If you mix two solutions of different concentrations with each other you can easily determine the resulting concentration from the general formula for it:
$$c = \frac{n}{V}\tag1\label{concentration-general}$$
You have one solution with $c_1 = \pu{100 mM}$ and one with $c_2 = \pu{5 mM}$, therefore with $\eqref{concentration-general}$ you can determine the amount of substance for each, and the total amount of substance:
$$n_\mathrm{tot} = c_1\cdot V_1 + c_2\cdot V_2\tag2\label{amount-of-substance-total}$$
Assuming there is not volume contraction, we can simply add them to know the total volume:
$$V_\mathrm{total} = V_1 + V_2 \tag3\label{volume-total}$$
The total concentration therefore is:
$$c_\mathrm{total} = \frac{n_\mathrm{total}}{V_\mathrm{total}}
= \frac{c_1 V_1 + c_2 V_2}{V_1 + V_2}\tag4\label{concentration-total}$$
For your dilution series you will need to modify it, a $\eqref{volume-total}$ is fixed.
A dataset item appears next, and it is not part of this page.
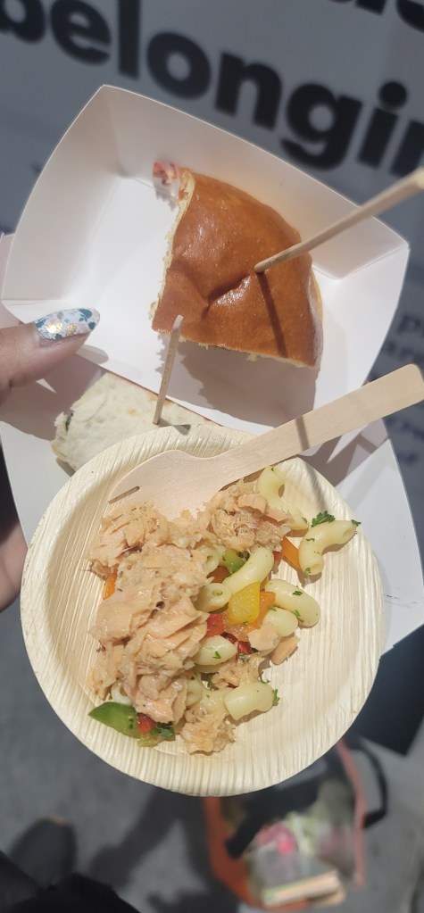 I tried so many things from samosas, to duck, italian meats, cheeses, noodles, pastas, rice, soups, candy, chips, pickles, pistachios, dried fruits and veggies and more. As far as drinks everything from coffee, tea, matcha, lemonade, juice, cocktails, mocktails, sparkling drinks and water it was all there. Around 1:30pm I was feeling the effects of all the food and walking and took a seat to rest myself.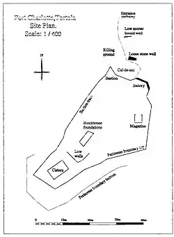 Fort Charlotte formed part of a triangular defensive formation around Road Harbour. On the south west side of the harbour lay Fort Burt while Fort George was situated on the west with Road Town Fort located in between. Towering above was Fort Charlotte, with the range and guns to fire on any ship entering the harbour without any fear of return fire. Accordingly, any ship seeking to attack the town would have to withstand fire from both Fort Charlotte and either Fort Burt or Fort George, but would have to actually land and climb Harrigan's Hill (with weaponry) to a height of nearly 900 feet before they could actually return fire on the garrison.

$$V_\mathrm{total} = V_1 + V_2 = \text{const.}$$
Therefore we modify $\eqref{concentration-total}$:
\begin{align}
c_\mathrm{total} &=
\frac{c_1 V_1 + c_2 (V_\mathrm{total} - V_1)}{V_\mathrm{total}}
\tag{4a}\label{concentration-total-mod-a}\\
c_\mathrm{total} &=
\frac{c_1 (V_\mathrm{total} - V_2) + c_2 V_2}{V_\mathrm{total}}
\tag{4b}\label{concentration-total-mod-b}\\
\end{align}
Now you have one remaining unknown, solve for it:
\begin{align}
V_1 &= \frac{c_\mathrm{total} - c_2}{c_1 -c_2} V_\mathrm{total}\\
V_2 &= \frac{c_\mathrm{total} - c_1}{c_2 -c_1} V_\mathrm{total}\\
\end{align}
Unless you have very accurate equipment, however, I do suggest using larger quantities than $\pu{4 mL}$.
\begin{array}{rrrrrr}
c_\mathrm{total}/\pu{mM} &
V_\mathrm{total}/\pu{mL} &
c_1/\pu{mM} &
c_2/\pu{mM} &
V_1/\pu{mL} &
V_2/\pu{mL} \\\hline
10 & 4 & 100 & 5 & 0.21 & 3.79 \\
20 & 4 & 100 & 5 & 0.63 & 3.37 \\
30 & 4 & 100 & 5 & 1.05 & 2.95 \\
40 & 4 & 100 & 5 & 1.47 & 2.53 \\
50 & 4 & 100 & 5 & 1.89 & 2.11 \\\hline
\end{array}